The MGR discussion reminded me of the healthcare phrase, “When you hear hoofs, think horse, not zebra.” This refers to the odds that patients are likely to have a more common diagnosis than a rare one. It was mentioned that during clinical practice, this type of thinking is beneficial in making diagnoses but may also cause an unconscious bias, so this may be an area where a seemingly more-objective AI system would be beneficial in providing accurate diagnoses.

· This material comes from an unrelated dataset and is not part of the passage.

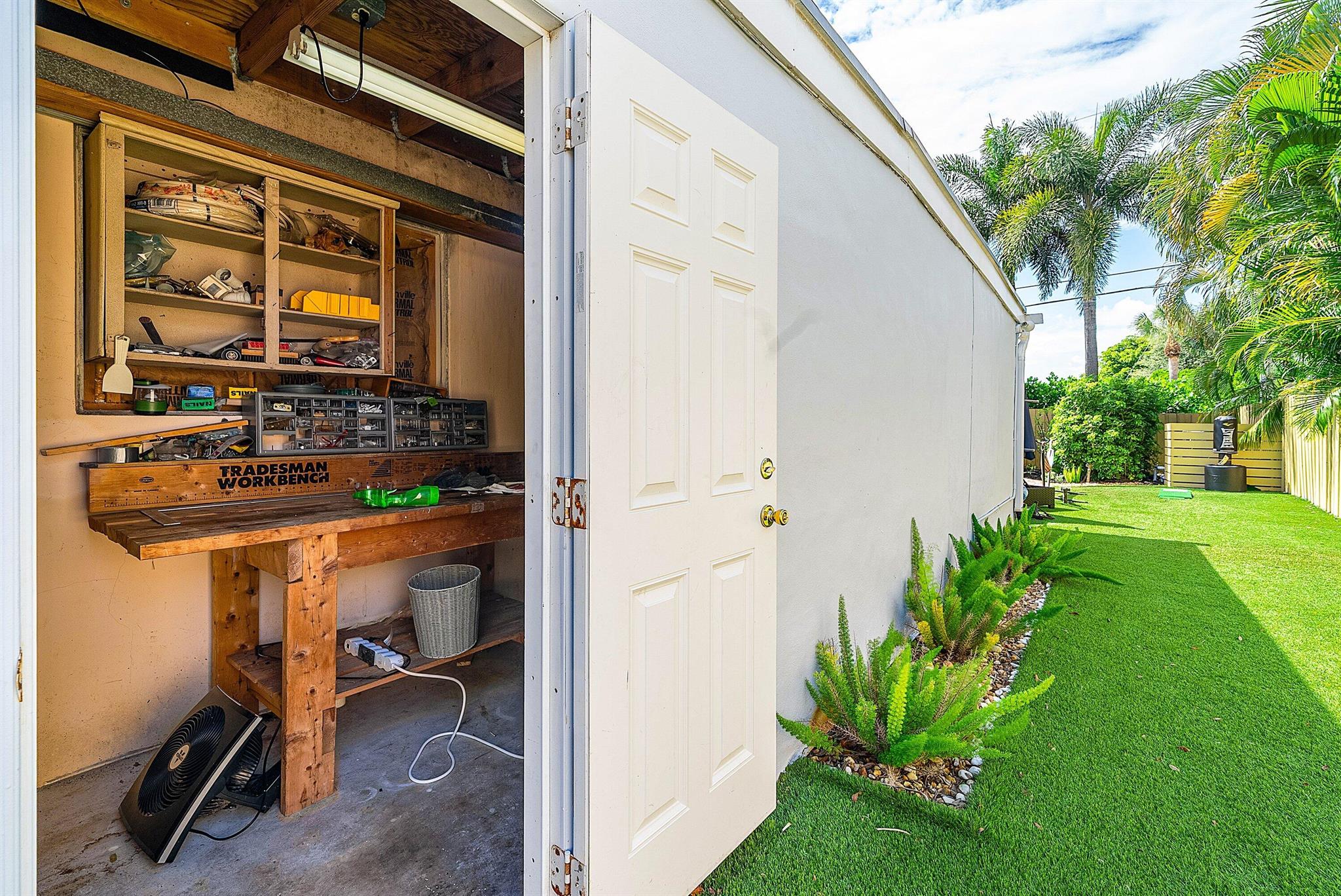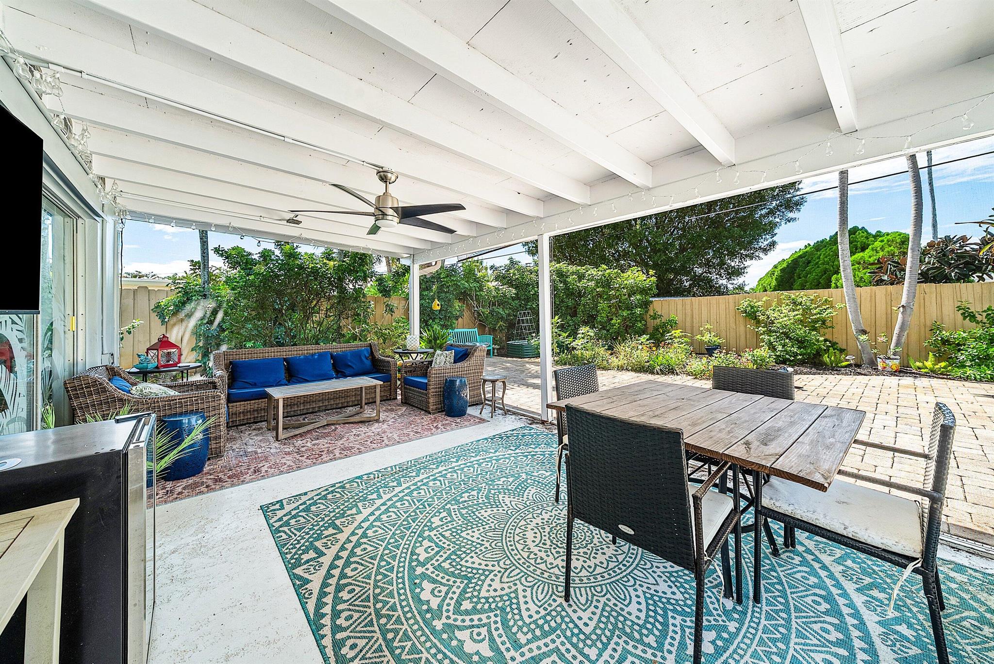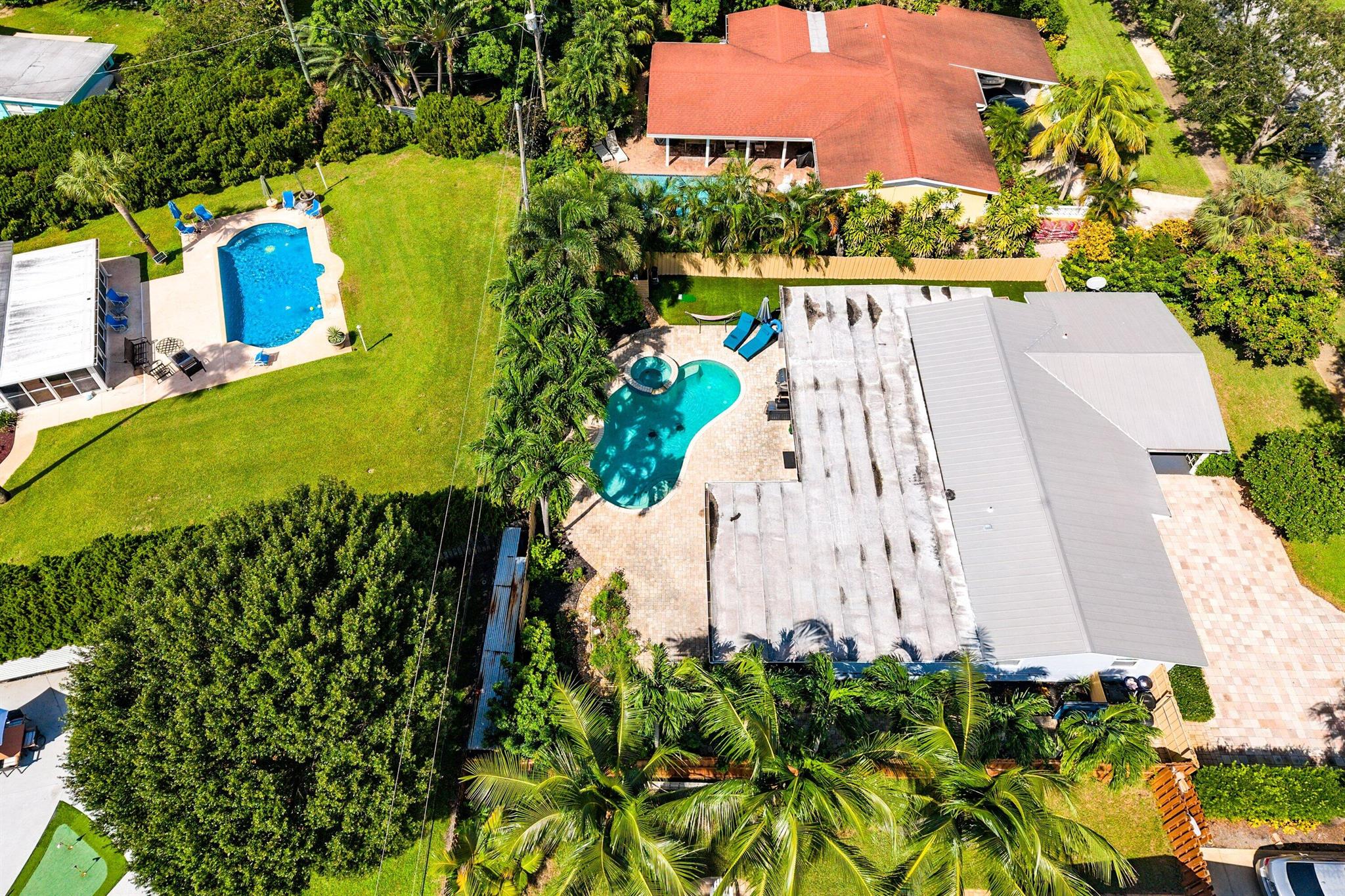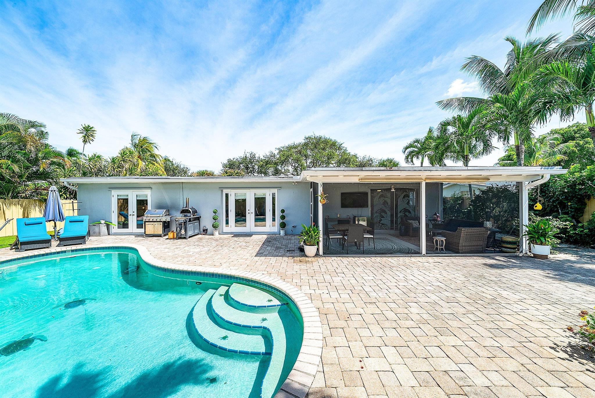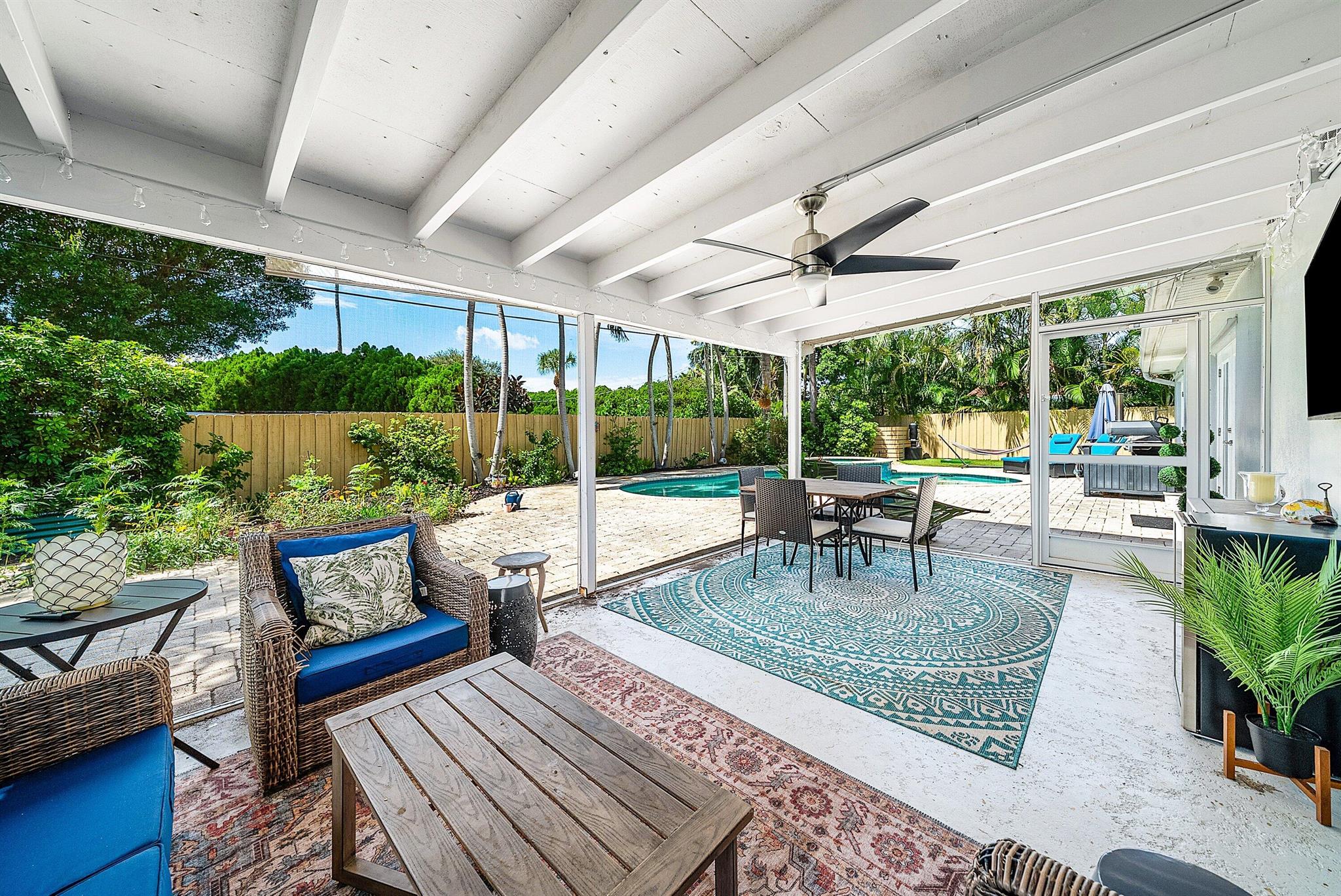 Coastal living in the Village of North Palm Beach! This updated 4-bed, 2-bath single-story home offers an easy indoor-outdoor lifestyle. A wide paver drive and shady oak canopy welcome you to a bright, open living area that flows to a private tropical backyard. Enjoy a free-form pool + raised spa, expansive paver patio, and lush palms--perfect for relaxing or entertaining. The light exterior palette, metal-look roofline, and blue shutters give timeless curb appeal, while a fenced yard keeps pets and play secure. Inside, large windows bring in natural light; a split-bedroom layout provides flexibility for guests or a home office. Home has a wonderful floorplan with 2 living spaces, dining area, and has additional storage/workshop area accesible from the exterior. One-car garage plus

However, it is crucial to remember that these AI algorithmic approaches can only be as accurate and reliable as the data they are provided. Relating this back to the experience of the insurance company, Optum, that used a healthcare algorithm to assess the cost of each patient’s past treatments with the goal to help re-distribute medical resources to those who would benefit most from added care. When researchers revisited the patients by their illnesses they found that the percentage of Black patients who should have been enrolled in specialized care programs jumped from 18% to 47%, as stated here: https://www.forbes.com/sites/robertpearl/2021/02/16/how-ai-can-remedy-r…. This seems like racial bias within the algorithm, but the issue was with the physicians who failed to provide adequate care to Black patients in the first place, so Black patients were recorded as needing less medical resources. As Caitlyn discussed, we need carefully applied AI healthcare algorithms to help move our healthcare system towards a path of antiracism.

I would like to thank Dr. Holland again, for the thought-provoking presentation.

Name
Charmi Shah

Name
Michaela Spence

Tue, 02/23/2021 - 12:54

Thank you Caitlyn for the excellent summary and to Dr. Holland for the wonderful and informative presentation at Grand Rounds.

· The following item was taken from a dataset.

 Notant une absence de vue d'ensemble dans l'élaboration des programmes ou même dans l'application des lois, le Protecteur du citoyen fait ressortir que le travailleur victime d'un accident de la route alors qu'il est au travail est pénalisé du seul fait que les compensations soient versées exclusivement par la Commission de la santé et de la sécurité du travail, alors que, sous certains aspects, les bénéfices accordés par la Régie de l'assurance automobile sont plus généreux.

One of the things that resonated with me during our discussion period was the concept of patient’s “owning their own data”. As I had very little idea of how AI was currently being implemented in healthcare settings and the amount of data that the algorithms require to be successful, it led me to wonder if the general public also had very little knowledge of this topic as well. I wonder if patient’s were in control of their own data got to decide who and what had access to it, if it would facilitate more research from the patient’s side as to what exactly medical AI systems are and how they help or sometimes hinder the medical system. This could cause people to shy away from how medical AI is presented in the media as a “machine that does the doctors work for them” and more to the perspective that AI is the “assistant” to medical professionals. It would also potentially mitigate some privacy concerns that go hand in hand with the large data pools required for AI algorithms to function in the first place. I’m hopeful that as the AI algorithms become more developed and useful to health care professionals, that the general public will take it upon themselves to become more informed as to what exactly AI algorithms do in a healthcare setting.

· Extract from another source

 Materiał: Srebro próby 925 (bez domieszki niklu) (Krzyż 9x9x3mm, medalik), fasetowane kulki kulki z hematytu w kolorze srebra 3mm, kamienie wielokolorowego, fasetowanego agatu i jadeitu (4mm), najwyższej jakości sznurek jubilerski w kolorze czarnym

Overall, this talk left me hopeful that the use of AI in future healthcare could help lighten the load on medical professionals.

Name
Michaela Spence

Name
Jordan Harry

Wed, 02/24/2021 - 11:09

Thank you, Caitlyn, for an impressive and detailed overview of Dr. Hollands presentation and the following discussion section.
As a person aspiring to become a physician, the question “will AI replace physicians” is of vital interest. As we phase into an era of integrating advanced technologies such as AI into everyday patient care, it calls into question what its benefits and disadvantages are in comparison to current clinical practice. Dr Holland as well as my classmates have accurately highlighted some of these, but it is also important to note that in such an emerging field that there are additional positives and negatives that we have yet to be exposed to.
I think that the concept of AI also further highlights the complexity of the role of healthcare workers. Humans can establish a human connection, develop compassion, and can take all patient information and contextualize it. Resultingly, human healthcare workers will remain superior to AI. Dr. Holland’s suggestion to not allow AI to become the master, but rather serve as an assistant is a strong suggestion regarding how to combine technology and humanity to develop an overall improvement in the current approach to patient care.